#### To do
Restate the data word for word. Leave the pictures out.

#### Given records
------------------------------------------------

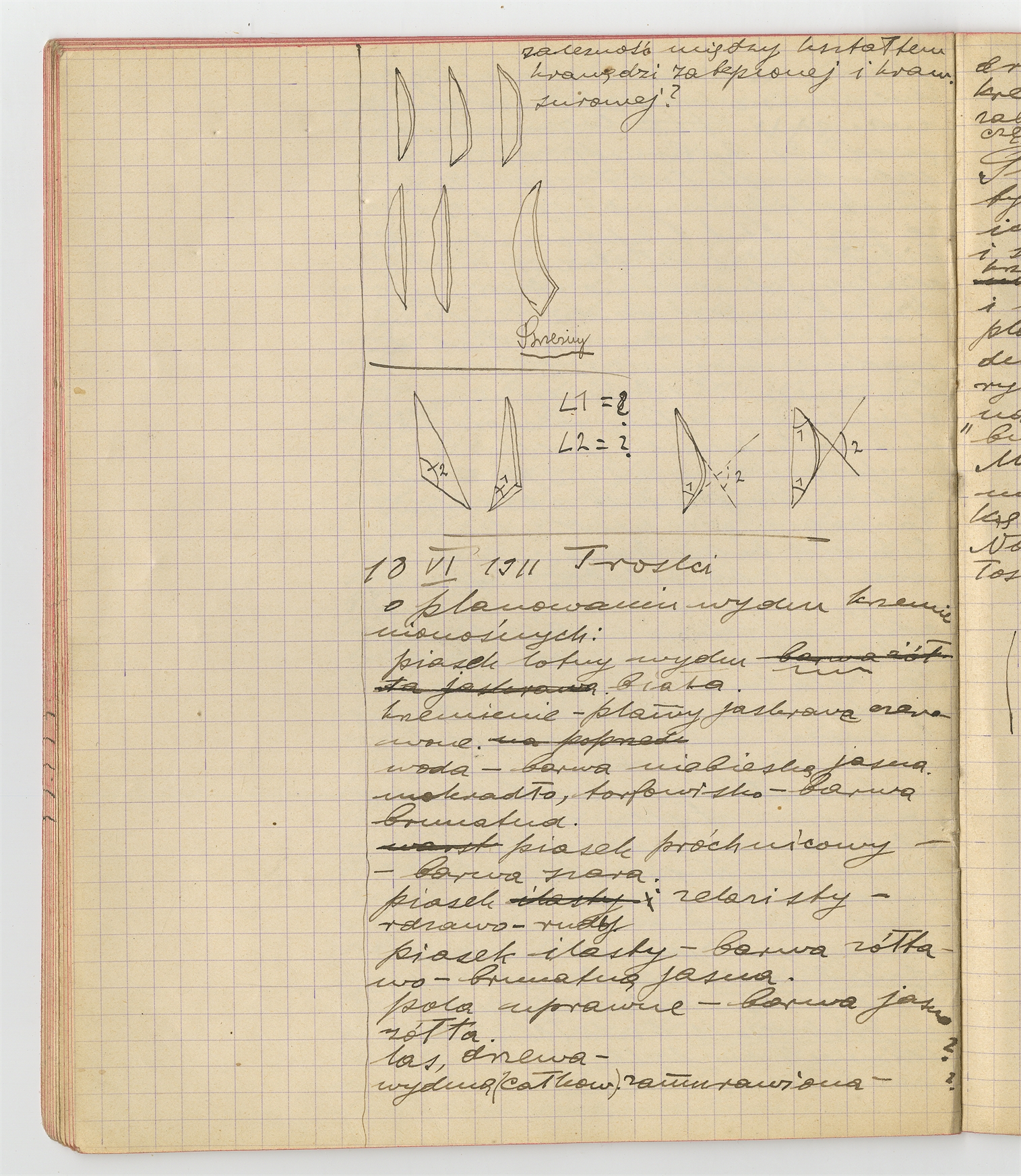 Zeszyt z rękopisem pracy o narzędziach - strona 25: treść pracy S. Krukowskiego (bez tytułu): "Genealogia grotów" c..d "O planowaniu wydm krzemienionośnych"
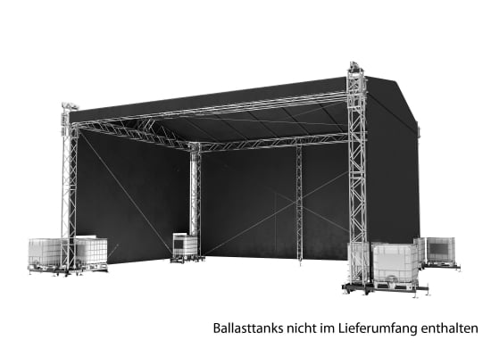 Global Truss Double Pitch Roof 10x8m Giebeldach Die Global Truss Bühnendächer überzeugen durch ihre Flexibilität und einfache Handhabung beim Aufbau der Konstruktion. Wenige Sonderteile, gleiche Teile bei verschiedenen Baugrößen und größtmögliche Belastung zeichnen die Überdachungen aus. Das Einsatzgebiet reicht von Firmenfeiern, Straßenfesten bis hin zu großen Open-Air Veranstaltungen. Bei dem Double Pitch Roof 10x8 / 8x6m handelt es sich um ein Giebeldach, welches als 10x8m Version, sowie um 90° gedreht, als 8x6m Version aufgebaut werden kann. Das Bühnendach basiert auf dem Multi-Tower-Basement und wird mit F44P Traversen realisiert. Die Aussteifung erfolgt über Drahtseile und speziellen Eckaussteifungen. Der Aufbau kann mit Elektrokettenzügen, sowie Handkettenzügen erfolgen. Die Sleeveblöcke können über spezielle Rahmen am Tower gesichert werden. Im Lieferumfang befinden sich eine schwarze Dachplane und schwarze Netze zur seitlichen Verkleidung, sowie ein Standsicherheitsnachweis. Nicht im Lieferumfang enthalten: Ballast und Hebezeuge. Features Giebeldach für Podestfläche 10x8m/8x6m Inkl. Standsicherheitsnachweis Technische Daten Traversensystem: F44P Maximale Dachlast: bis zu 2,4 t Maße (BxTxH): 11,5x9,5x6,8m
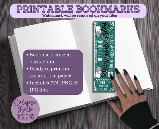 Psychological Thriller Admit One Book Club Printable Bookmark
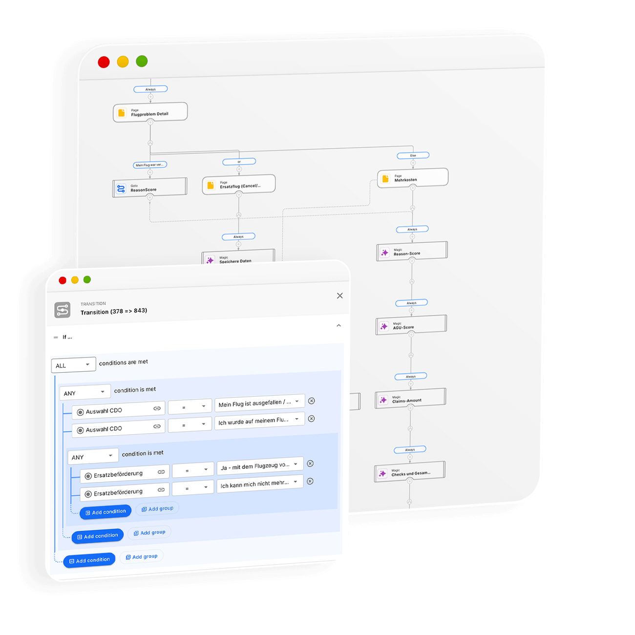 Use conditions to create logical rules for simple and complex decisions in your business process. Our visual UNOY Designer keeps things easy to read.
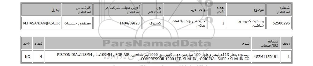 | 52506296 | پیستون کمپرسور شاهین | 1 | خرید تجهیزات وقطعات یدکی | کشوری | 1404/09/23 | مصطفی حسنیان | M.HASANIAN@KSC.IR |
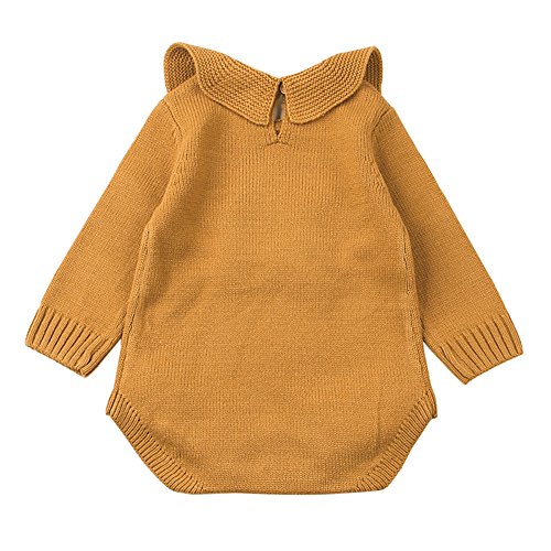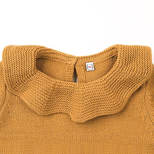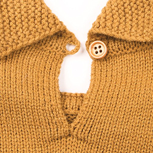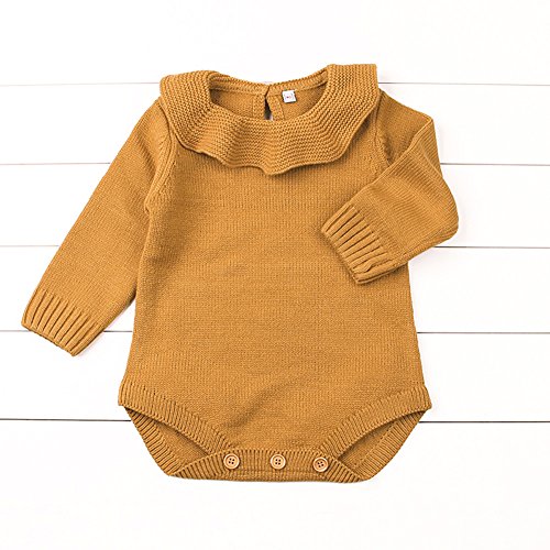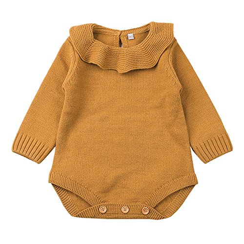 新生児 女の子 プリンセス ニット セーター ロンパース ジャンプスーツ ラッフル 長袖 洋服 (70cm/0~6ヶ月, ブラウン)
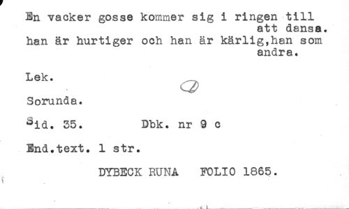 //// En vacker gosse kommer sig i ringen till //// att dansa. //// han är hurtiger och han är kärlig,han som //// andra. //// Lek. //// Sorunda. //// ^id. 35. Dbk. nr 9 c //// End.text. 1 str. //// DYBECK RUNA FOLIO 1865. ////

------------------------------------------------

#### Exercise solution
 Zeszyt z rękopisem pracy o narzędziach - strona 25: treść pracy S. Krukowskiego (bez tytułu): "Genealogia grotów" c..d "O planowaniu wydm krzemienionośnych"
 Global Truss Double Pitch Roof 10x8m Giebeldach Die Global Truss Bühnendächer überzeugen durch ihre Flexibilität und einfache Handhabung beim Aufbau der Konstruktion. Wenige Sonderteile, gleiche Teile bei verschiedenen Baugrößen und größtmögliche Belastung zeichnen die Überdachungen aus. Das Einsatzgebiet reicht von Firmenfeiern, Straßenfesten bis hin zu großen Open-Air Veranstaltungen. Bei dem Double Pitch Roof 10x8 / 8x6m handelt es sich um ein Giebeldach, welches als 10x8m Version, sowie um 90° gedreht, als 8x6m Version aufgebaut werden kann. Das Bühnendach basiert auf dem Multi-Tower-Basement und wird mit F44P Traversen realisiert. Die Aussteifung erfolgt über Drahtseile und speziellen Eckaussteifungen. Der Aufbau kann mit Elektrokettenzügen, sowie Handkettenzügen erfolgen. Die Sleeveblöcke können über spezielle Rahmen am Tower gesichert werden. Im Lieferumfang befinden sich eine schwarze Dachplane und schwarze Netze zur seitlichen Verkleidung, sowie ein Standsicherheitsnachweis. Nicht im Lieferumfang enthalten: Ballast und Hebezeuge. Features Giebeldach für Podestfläche 10x8m/8x6m Inkl. Standsicherheitsnachweis Technische Daten Traversensystem: F44P Maximale Dachlast: bis zu 2,4 t Maße (BxTxH): 11,5x9,5x6,8m
 Psychological Thriller Admit One Book Club Printable Bookmark
 Use conditions to create logical rules for simple and complex decisions in your business process. Our visual UNOY Designer keeps things easy to read.
 | 52506296 | پیستون کمپرسور شاهین | 1 | خرید تجهیزات وقطعات یدکی | کشوری | 1404/09/23 | مصطفی حسنیان | M.HASANIAN@KSC.IR |
 新生児 女の子 プリンセス ニット セーター ロンパース ジャンプスーツ ラッフル 長袖 洋服 (70cm/0~6ヶ月, ブラウン)
 //// En vacker gosse kommer sig i ringen till //// att dansa. //// han är hurtiger och han är kärlig,han som //// andra. //// Lek. //// Sorunda. //// ^id. 35. Dbk. nr 9 c //// End.text. 1 str. //// DYBECK RUNA FOLIO 1865. ////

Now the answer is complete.